The first comprehensive monograph of the art and life of Iranian American artist of Armenian descent Sonia Balassanian: in this deeply personal portrait, author Dr. Omar Kholeif weaves together poetry, memoir, and historical anecdote to trace the contours of Balassanian's world.
Imagine/otherwise presents critical biographies of underrepresented
queer, non-binary, or
female-identifying artists. Edited by
Omar Kholeif, the series emphasizes the concept of "female worlding" with books that serve as field guides into previously unexplored, overlooked, or inaccessible artistic lives. The overall proposition of the series (to "imagine" a world "otherwise") stems from the desire to find a different way of writing and reading about art. Can art be examined unreservedly, unburdened of the limits imposed by the dominant hand of hegemony?
Current editorial advisors for the series include
Skye Arundhati Thomas, Zoe Butt, Carla Chammas, Alison Hearst, and Sarah Perks.
Omar Kholeif (born in Cairo, lives and works in Chicago and London) is a writer, curator, editor, and broadcaster. He has written extensively on art in a global context, focusing on art that intersects with the Internet, as well as works of art from emerging geographic territories that have yet to be seen in the mainstream. He is the author and or editor of over two-dozen books and his writing has appeared in
The Guardian,
Wired,
frieze, and
Artforum,
Mousse, among numerous publications. Media organs such as,
The New York Times, BBC,
Financial Times,
The Wall Street Journal,
GQ,
The Economist,
The Art Newspaper,
Vice,
The New Scientist, and others, have profiled his work.
Sonia Balassanian (born 1942 in Arak, lives and works between New York and Armenia) is an Iranian American artist of Armenian descent.

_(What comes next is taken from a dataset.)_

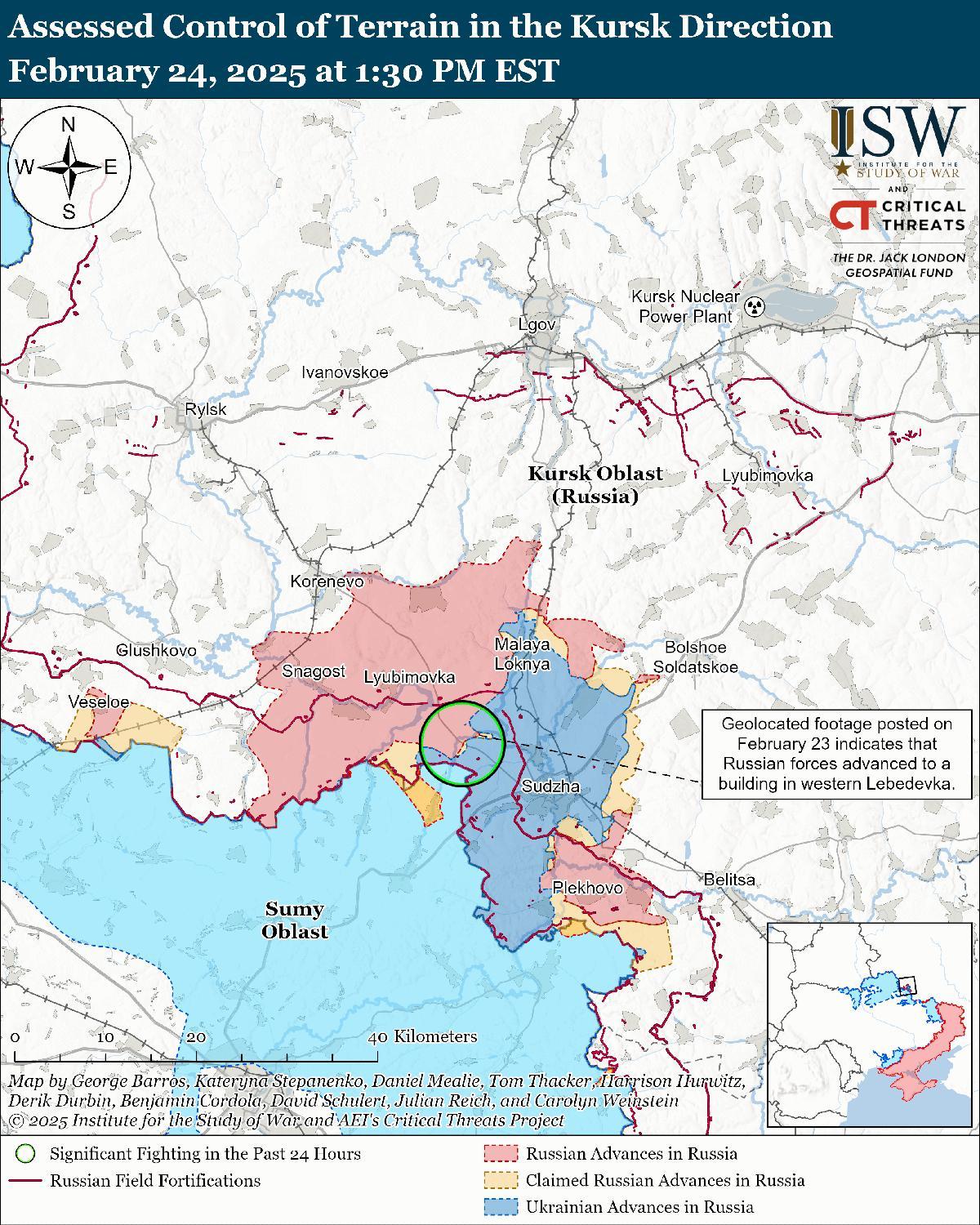 В последнее время российские войска продвинулись в Курской области. Враг атаковал приграничную территорию на северо-востоке Сумской области в районе Журавки; северо-западнее Суджи в районе Свердликово, Лебедевки, Никольского, Малой Локни и Погребки; и юго-восточнее Суджи в районе Черкасской Конопелки и Фанасеевки. [38] 24 февраля связанный с Кремлем российский военный блогер заявил, что украинские войска контратаковали на трассе H-07 Юнаковка-Суджа. [39]

With a career spanning more than five decades, Balassanian is known for her multidisciplinary, politically charged practice that spans painting, poetry, photography, video, installation, performance, and drawing. At the heart of her corpus are colorful, large-scale, lyrically abstract paintings that she began in the 1960s. In the 1980s, after she had moved to New York, her work took a political turn following the Iranian Revolution. Balassanian drew newfound attention for Hostages: A Diary (1980), an installation of drawings that mapped the experience of following the Iran hostage crisis from the United States, and for Cauterized Literature (1987), a mixed-media series of burnt books mounted on canvas that comments on censorship in Iran.